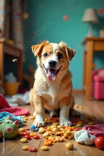 Hilarious family chaos unfolds as a playful dog creates utter pandemonium amidst a pile of laundry, toys, and spilled snacks Pure comedic gold for any family-themed project!, happiness, playful
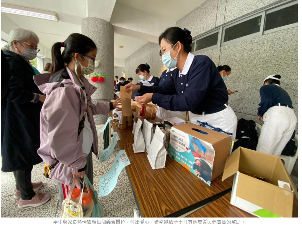 而今日校慶運動會最大亮點就是「情牽土耳其,茹素護生園遊會」,既受之於社會,也需培育回饋之心,感恩人文室、家長會、慈懿會與妙膳廳的護持,今年募心募愛園遊會共設立23個攤位,熱食冷飲、餅乾茶點、文青小物應有盡有,還有來自精舍師父的愛心熟食,親師生共襄盛舉,把現場擠得水洩不通,而義賣所得全數捐助土耳其敘利亞地震災害,落實感恩、尊重、愛的慈濟精神。
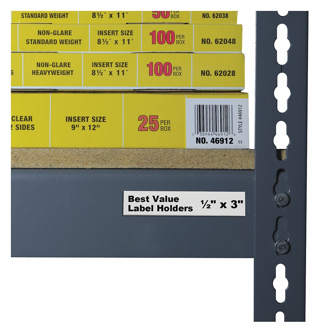 Clear material plastic type label holders details. Made specifically to identify small sections of any length wire shelf this holder easily snaps on to your wire shelf so that all you have to do is. C line top load clear label holders case of 50 brand new.
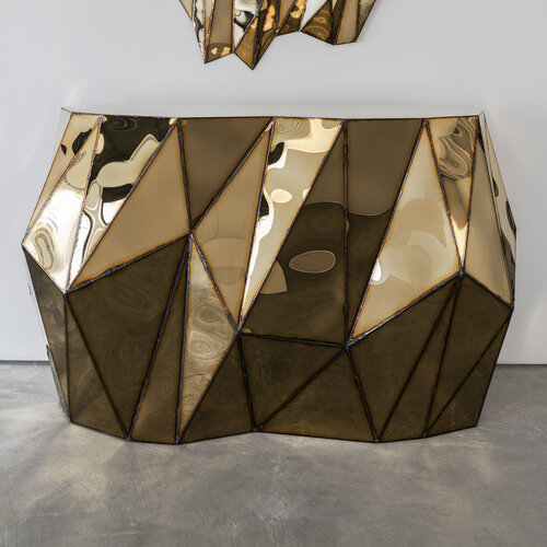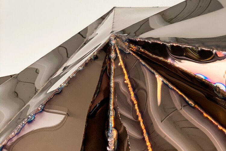 Twentieth is pleased to present new and exclusive work from London-based artist, Julian Mayor for an exhibition at THE NEW. Mayor is known for his innovative process where he digitally designs his pieces and then hand-makes each one using traditional techniques such as TIG welding. The weld seams are left unfinished, allowing a viewer to experience and understand the craft. Mayor’s technique is inspired by the sculptural possibilities of a high-tech approach while also embracing the idiosyncrasies and individuality of the hand-made. Welded sculptural works were created exclusively for this exhibition including both standing and hanging light sculptures, large wall pieces and more; all made using a range of metallic finishes.

------------------------------------------------------------

Work task: With the pictures omitted, print each line of the data above precisely as given.

Solution to this task:
 Hilarious family chaos unfolds as a playful dog creates utter pandemonium amidst a pile of laundry, toys, and spilled snacks Pure comedic gold for any family-themed project!, happiness, playful
 而今日校慶運動會最大亮點就是「情牽土耳其,茹素護生園遊會」,既受之於社會,也需培育回饋之心,感恩人文室、家長會、慈懿會與妙膳廳的護持,今年募心募愛園遊會共設立23個攤位,熱食冷飲、餅乾茶點、文青小物應有盡有,還有來自精舍師父的愛心熟食,親師生共襄盛舉,把現場擠得水洩不通,而義賣所得全數捐助土耳其敘利亞地震災害,落實感恩、尊重、愛的慈濟精神。
 Clear material plastic type label holders details. Made specifically to identify small sections of any length wire shelf this holder easily snaps on to your wire shelf so that all you have to do is. C line top load clear label holders case of 50 brand new.
 Twentieth is pleased to present new and exclusive work from London-based artist, Julian Mayor for an exhibition at THE NEW. Mayor is known for his innovative process where he digitally designs his pieces and then hand-makes each one using traditional techniques such as TIG welding. The weld seams are left unfinished, allowing a viewer to experience and understand the craft. Mayor’s technique is inspired by the sculptural possibilities of a high-tech approach while also embracing the idiosyncrasies and individuality of the hand-made. Welded sculptural works were created exclusively for this exhibition including both standing and hanging light sculptures, large wall pieces and more; all made using a range of metallic finishes.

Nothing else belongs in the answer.